* _About this task_: Find the line with "Obr.1 Oblasť vedenia" in the data below. Repeat it and every line after it exactly, but not the pictures.

* _Record excerpts_:

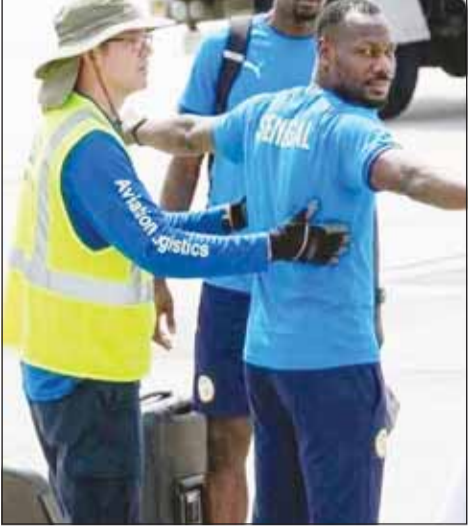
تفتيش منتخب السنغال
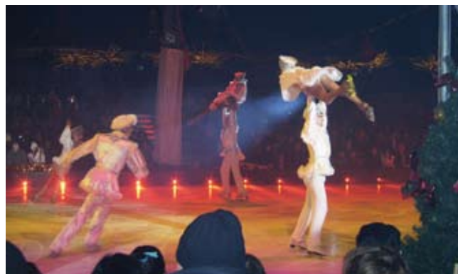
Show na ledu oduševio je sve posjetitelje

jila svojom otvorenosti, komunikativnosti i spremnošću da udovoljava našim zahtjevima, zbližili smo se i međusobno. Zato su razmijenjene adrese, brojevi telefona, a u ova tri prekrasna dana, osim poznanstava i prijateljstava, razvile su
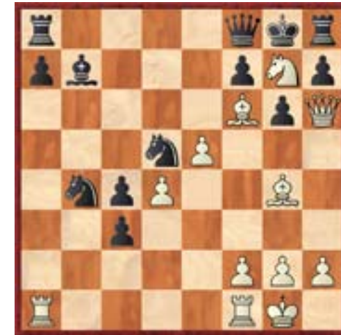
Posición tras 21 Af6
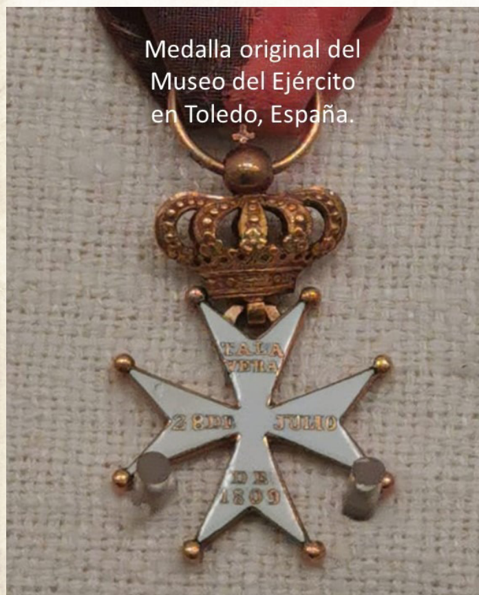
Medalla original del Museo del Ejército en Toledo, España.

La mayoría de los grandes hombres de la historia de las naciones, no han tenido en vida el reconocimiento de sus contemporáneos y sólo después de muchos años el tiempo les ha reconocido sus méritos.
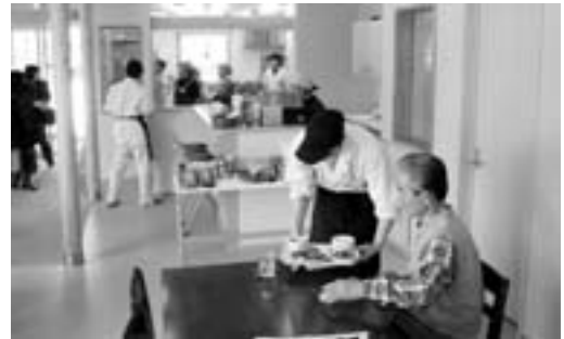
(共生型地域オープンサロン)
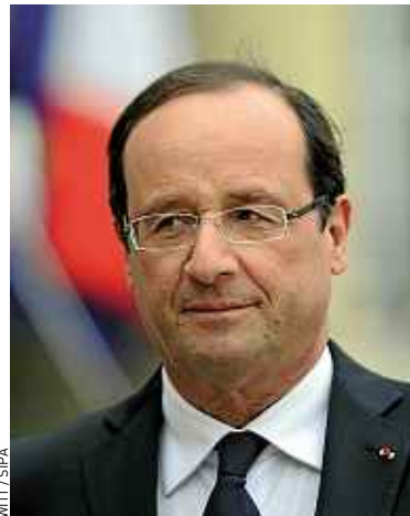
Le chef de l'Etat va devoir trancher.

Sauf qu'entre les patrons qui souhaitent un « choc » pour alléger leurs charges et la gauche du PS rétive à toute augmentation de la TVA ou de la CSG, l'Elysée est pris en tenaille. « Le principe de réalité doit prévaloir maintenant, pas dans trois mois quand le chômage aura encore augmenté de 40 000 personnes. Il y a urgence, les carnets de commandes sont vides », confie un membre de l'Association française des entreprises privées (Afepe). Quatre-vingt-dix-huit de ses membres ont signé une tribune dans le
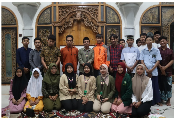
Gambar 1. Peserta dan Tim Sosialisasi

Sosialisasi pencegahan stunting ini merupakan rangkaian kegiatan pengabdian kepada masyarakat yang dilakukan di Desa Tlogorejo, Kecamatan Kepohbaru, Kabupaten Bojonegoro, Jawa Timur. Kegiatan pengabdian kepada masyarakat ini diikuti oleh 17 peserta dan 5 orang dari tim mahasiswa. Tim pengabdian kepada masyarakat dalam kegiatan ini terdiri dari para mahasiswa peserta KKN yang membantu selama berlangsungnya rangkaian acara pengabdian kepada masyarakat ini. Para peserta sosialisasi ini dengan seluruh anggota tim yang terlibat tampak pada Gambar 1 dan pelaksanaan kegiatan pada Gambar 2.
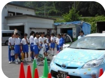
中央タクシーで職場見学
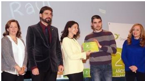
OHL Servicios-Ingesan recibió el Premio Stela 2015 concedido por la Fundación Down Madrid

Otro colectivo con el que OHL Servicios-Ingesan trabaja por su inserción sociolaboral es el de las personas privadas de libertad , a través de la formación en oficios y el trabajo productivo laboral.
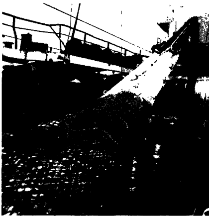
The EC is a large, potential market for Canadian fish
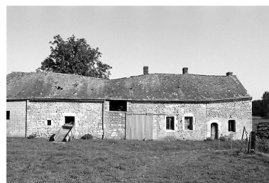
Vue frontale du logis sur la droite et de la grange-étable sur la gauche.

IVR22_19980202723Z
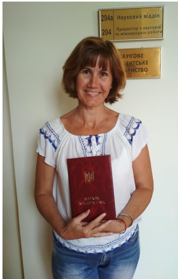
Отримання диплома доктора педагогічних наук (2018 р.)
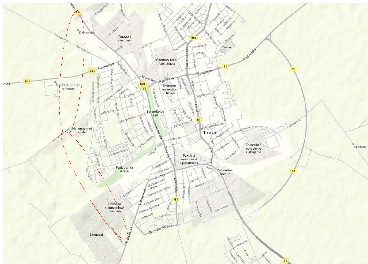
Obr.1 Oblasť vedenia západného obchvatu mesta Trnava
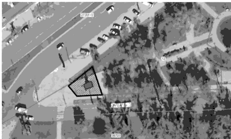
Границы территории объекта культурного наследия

* _Exercise output_:
Obr.1 Oblasť vedenia západného obchvatu mesta Trnava
Границы территории объекта культурного наследия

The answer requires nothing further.